We’re having a bit more luck, and only a little bit, with Shayne and Natalie. They go on a rock-climbing date and it was super snoozy except Shayne told us a story about his past and it was a doozy. Apparently, right after he signed his first modeling contract, he and his best friend were “meeting with some guys,” and they got in a fight. His friend took out a gun and started blindly shooting, and instead of hitting the other guys, he shot Shayne three times, puncturing his lung, breaking his spine, and paralyzing him. Not since we heard Katie Maloney Schwartz Maloney tell us about the time she fell through a skylight and broke her back have I had more questions that will never be answered. Like why were they meeting? What was the fight about? Why was the friend shooting without looking? Does any of this have to do with why Shayne is sober? I mean, I need to know it all, but also have no interest because I’m afraid of the answers. Shayne says he busts out this story to make girls feel for him and lure them in, but, honey, this story has more red flags than a souvenir shop at the Zurich airport. I would hear this story on a date and ghost him in real time. 

That’s basically what happens when he talks to Natalie at the pool party and wonders why she is flirting with other guys. He says he thinks that communication is key in a relationship. She says that she just falls for guys and gets into a relationship immediately, and they never have to communicate. I mean, they are both clearly wrong. I agree with Natalie that they’re at a stage where they should just be flirting and seeing what happens, but I think Shayne is right that Natalie ends up in these short relationships because she never talks about her emotional needs. Still, I don’t really care about any of this. It seems like this romance was determined not by lust but by Lisa Vanderpump with her producer’s cap on. (Her producer’s cap is an overly realistic mask of Ken Todd.) What annoys me about these scenes is that it feels like Love Island, where it’s people talking more about how they are in relationships than showing us what their relationships could actually be like. At least Kim and Marcus are showing us the mess rather than playing it out in slow motion, in bathing suits, lying by a pool, like the only celebrity they know is Nicolandria.

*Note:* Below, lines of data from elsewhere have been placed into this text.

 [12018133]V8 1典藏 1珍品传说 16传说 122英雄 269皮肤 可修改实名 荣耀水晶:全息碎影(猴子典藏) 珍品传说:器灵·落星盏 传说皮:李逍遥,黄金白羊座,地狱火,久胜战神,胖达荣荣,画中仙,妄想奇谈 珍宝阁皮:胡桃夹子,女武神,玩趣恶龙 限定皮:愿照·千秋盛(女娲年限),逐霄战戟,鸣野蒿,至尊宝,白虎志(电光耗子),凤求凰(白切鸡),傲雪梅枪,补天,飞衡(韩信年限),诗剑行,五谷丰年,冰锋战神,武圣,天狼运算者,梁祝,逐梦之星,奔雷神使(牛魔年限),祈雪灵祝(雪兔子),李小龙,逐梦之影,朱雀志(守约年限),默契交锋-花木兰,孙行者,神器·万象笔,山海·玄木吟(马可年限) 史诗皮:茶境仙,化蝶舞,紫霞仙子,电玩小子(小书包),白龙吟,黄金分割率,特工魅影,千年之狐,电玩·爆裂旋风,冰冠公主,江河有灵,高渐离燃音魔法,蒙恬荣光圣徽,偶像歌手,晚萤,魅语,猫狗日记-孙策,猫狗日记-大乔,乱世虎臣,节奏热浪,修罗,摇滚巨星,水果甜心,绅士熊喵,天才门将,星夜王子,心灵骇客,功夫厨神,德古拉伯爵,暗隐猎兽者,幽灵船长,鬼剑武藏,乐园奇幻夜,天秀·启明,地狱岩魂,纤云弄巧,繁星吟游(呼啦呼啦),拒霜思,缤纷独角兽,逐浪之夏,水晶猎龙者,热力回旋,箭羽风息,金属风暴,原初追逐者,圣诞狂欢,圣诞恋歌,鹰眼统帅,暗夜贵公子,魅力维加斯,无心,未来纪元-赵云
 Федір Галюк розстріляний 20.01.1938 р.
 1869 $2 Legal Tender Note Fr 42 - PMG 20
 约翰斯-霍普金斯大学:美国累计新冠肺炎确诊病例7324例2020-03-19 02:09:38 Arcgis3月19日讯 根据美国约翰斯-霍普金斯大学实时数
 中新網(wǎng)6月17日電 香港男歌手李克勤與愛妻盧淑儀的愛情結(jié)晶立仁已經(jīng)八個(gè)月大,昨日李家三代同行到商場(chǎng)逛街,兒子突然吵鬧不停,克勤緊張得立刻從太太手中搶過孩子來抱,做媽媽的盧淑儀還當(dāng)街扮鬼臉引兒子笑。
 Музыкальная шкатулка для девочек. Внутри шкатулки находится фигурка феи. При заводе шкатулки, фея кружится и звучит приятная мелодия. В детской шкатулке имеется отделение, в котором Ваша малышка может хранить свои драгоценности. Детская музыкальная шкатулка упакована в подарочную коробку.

As Natalie walks away from Shayne, possibly for good, and as Venus and some entity named Gabby lunge for each other, Katie Maloney Schwartz Maloney plucks out her earbuds, pulls her sunglasses off her cunty little bob, closes her copy of The Shards, and packs up her bag. Her favorite rooftop is, once again, ruined. She puts her manicured feet into her slides and half shuffles toward the elevator, wondering who is going to validate her parking. She doesn’t have any time for this. She knows how this starts and, more importantly, she knows how it ends. As she’s making her way out of this melee, away from this group forever, she spots a skylight just behind the glass wall that encloses the pool area. She stares at it like she knows its soul, like they’re old friends. She knows the crash is coming, but this time, she doesn’t want to be anywhere near it.